Posted by Xiangrui Meng <me...@gmail.com>.
1. I meant in the n (1k) by m (10k) case, we need to broadcast k
centers and hence the total size is m * k. In 1.0, the driver needs to
send the current centers to each partition one by one. In the current
master, we use torrent to broadcast the centers to workers, which
should be much faster.

2. For MLlib algorithms, the number of partitions shouldn't be much
larger than the number of CPU cores. Your setting looks good.

3. You can use the hashing trick to limit the number of features, or
remove low-frequency and high-frequency words from the dictionary.

Best,
Xiangrui

On Mon, Jul 28, 2014 at 12:55 PM, durin <ma...@simon-schaefer.net> wrote:
> Hi Xiangru,
>
> thanks for the explanation.
>
> 1. You said we have to broadcast m * k centers (with m = number of rows).

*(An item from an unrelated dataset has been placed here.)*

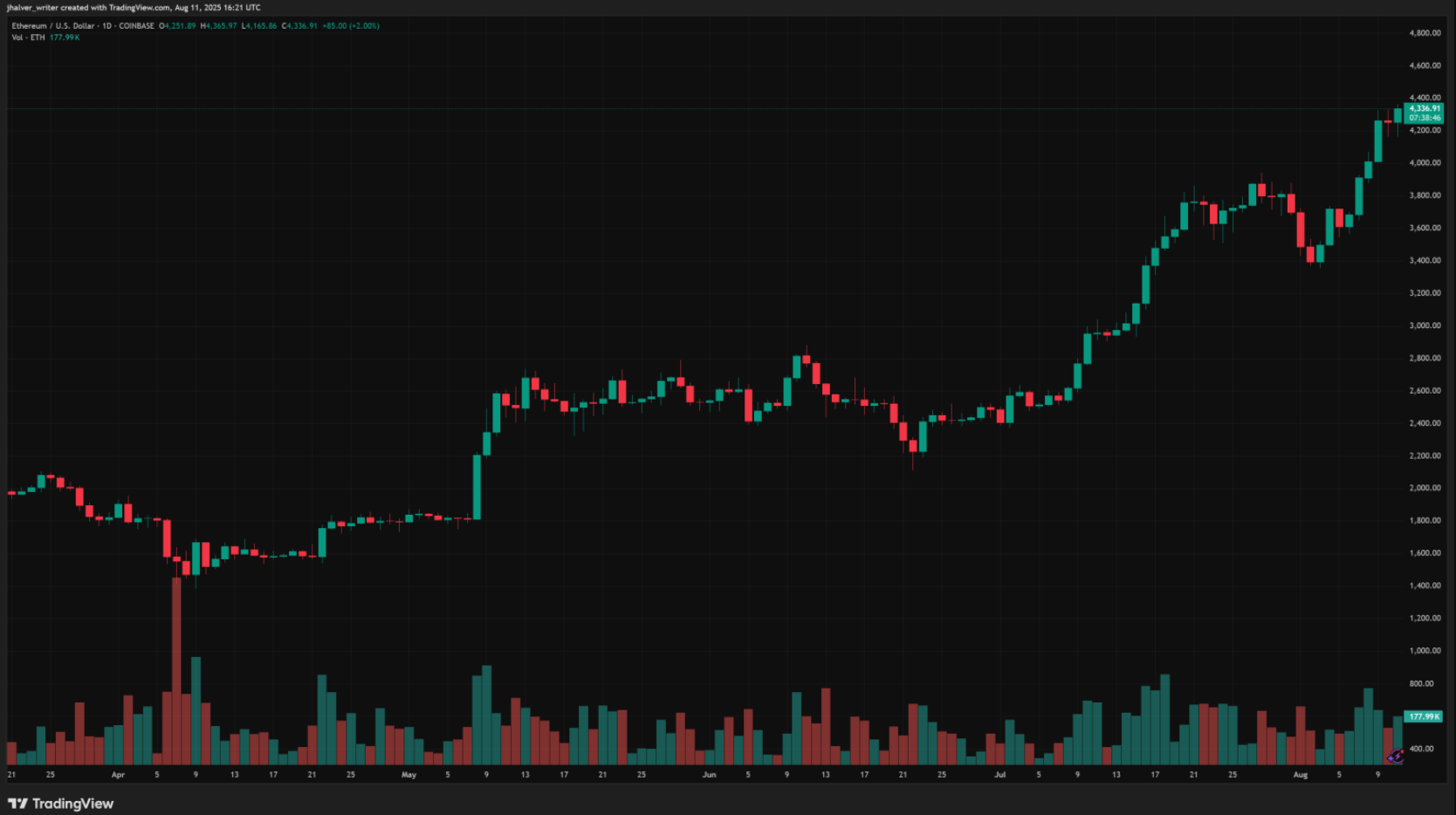 Ethereum (ETH) continúa su alza, superando los 4.300 dólares y registrando una ganancia impresionante del 45% en el último mes. La segunda criptomoneda más grande del mundo ahora apunta a la marca de los 5.000 dólares, impulsada por una acumulación récord por parte de las ballenas, flujos institucionales y una mayor claridad regulatoria en los Estados Unidos.

I
> thought there were only k centers at each time, which would the have size of
> n * k and needed to be broadcasted. Is that I typo or did I understand
> something wrong?
> And the collection of the average is partition-wise. So more partitions =
> more overhead, but basically same number of operations?
>
> 2. I have 5 executors with 8 CPU cores and 25G of memory each, and I usually
> split the input RDD into 80 partitions for a few Gigs of input data. Is
> there a rule of thumb for the number of partitions in relation to the input
> size?
>
>
> 3. Assuming I wouldn't use numeric data but instead converted text data into
> a numeric representation using a dictionary and a featurization function:
> The number of columns would be the number of entries in my dictionary (i.e.
> number of distinct words in my case). I'd use a sparse vector representation
> of course. But even so, if I have a few hundred thousand entries and
> therefore columns, broadcasting overhead will get very large, as the centers
> are still in a dense representation.
> Do you know of any way to improve performance then?
>
>
> Best regards,
> Simon
>
>
>
> --
> View this message in context: http://apache-spark-user-list.1001560.n3.nabble.com/KMeans-expensiveness-of-large-vectors-tp10614p10804.html
> Sent from the Apache Spark User List mailing list archive at Nabble.com.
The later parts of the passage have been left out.